What is it about some people that they just have to prove that they are superior to everybody else? The flight deck of an aircraft is fertile ground for anybody of this unfortunate chauvinistic disposition.
Chauvinism is not restricted to gender alone. This particular form of arrogance can apply to colour, language, race, even size… the ‘Small Man Complex’ is as common on the flight deck as it is in the board room.
This story concerns one such Captain with a ‘certain intercontinental airline’ from the antipodes which operated the iconic Lockheed Constellation, one of the most beautiful aircraft ever built, with an uncanny resemblance to the earlier wooden De Havilland Albatross.
The Constellation normally had a flight crew of four, the Captain, sitting front left, the First Officer, sitting beside him on the right, the Flight Engineer behind him, facing the engine instrument panel and the Navigator sitting at the chart table, behind the Captain.
With four huge Wright 3350 turbo compound radials pumping out 3250 donkeys per engine just outside the window, the cockpit was not the quietest place in the world. So the navigator communicated with the Captain by means of ‘Course Correction Cards’.
On the flight in question, the Captain was a small man who exhibited the characteristics appropriate to his stature.
‘That’s when the course corrections started’
One thing which really got under his skin was the fact that after reaching cruise level and with the auto-pilot coupled up on heading and altitude, the Flight Engineer interfered by setting cruise power on the engines and the Co-Pilot made the occasional report to Air Traffic Control. Apart from that, the only person doing any work on the flight deck was the Navigator, so he effectively controlled the flight.
This annoyed the Captain so, in order to establish his authority over the Flight Crew, he used to order his coffee from the Navigator.

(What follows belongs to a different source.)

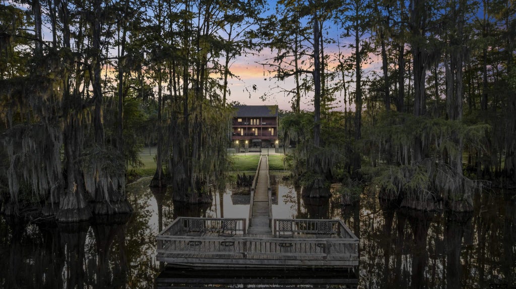Discover one of the most unique opportunities ever offered on Caddo Lake — a rare combination of waterfront living and unrestricted acreage. This remarkable property includes a beautifully crafted elevated home on a double lot plus 30± acres across the street with a private 7-acre pond, totaling approximately 32 acres of East Texas beauty. A package like this is truly unheard of. The waterfront home is designed for both comfort and durability, featuring an elevator, real wood floors, plantation shutters, and abundant natural light. The spacious kitchen boasts granite countertops, JennAir appliances, custom cabinetry with pull-outs, and a large walk-in pantry. The primary suite offers travertine finishes, double vanities, a jetted tub, and a tiled shower with body sprays. Additional highlights include a cozy living area with a gas-log fireplace, a game room upstairs that could easily convert to additional bedrooms, and a storm-shelter bath with workshop space downstairs. Outdoor living is front and center with expansive porches, a large fire pit, and a private pier extending into deep water (approx. 25–28 ft). Recent upgrades include rebuilt exterior concrete stairs and pier, ensuring years of worry-free enjoyment. The home’s spray-foam insulation and dual HVAC systems provide energy efficiency and comfort year-round. Across the street lies the true showpiece: 30 acres of unrestricted land with a private, named 7-acre pond, surrounded by woods and trails. Perfect for fishing, hunting, or simply enjoying nature, this acreage offers endless possibilities for recreation, development, or creating your own private retreat. From sunrise views over the water to peaceful walks around the pond, this property offers a lifestyle rarely found in East Texas. Whether you’re seeking a family retreat, a legacy property, or a one-of-a-kind recreational escape, this Big Cypress Bayou estate delivers it all.

“Bring me a coffee, Nav, there’s a good fellow.” He would say in an avuncular tone, thus establishing his seniority and that he was much too busy to order one from the cabin himself. So the Navigator would go and get the coffee and hand it to the Captain.
When he had finished, the Captain would lean round and park the empty mug in the middle of the chart table.
That’s when the course corrections started: “5 degrees to starboard…5 degrees to starboard…5 degrees to starboard…5 degrees to port…5 degrees to port…5 degrees to port…5 degrees to port…5 degrees to starboard”.
The course correction cards kept on coming until the Co-Pilot’s curiosity overcame him and he glanced round at the Navigator’s table, only to suppress an almost uncontrollable fit of laughter when he discovered that the course corrections had actually taken them around the Captain’s coffee mug in the middle of the chart.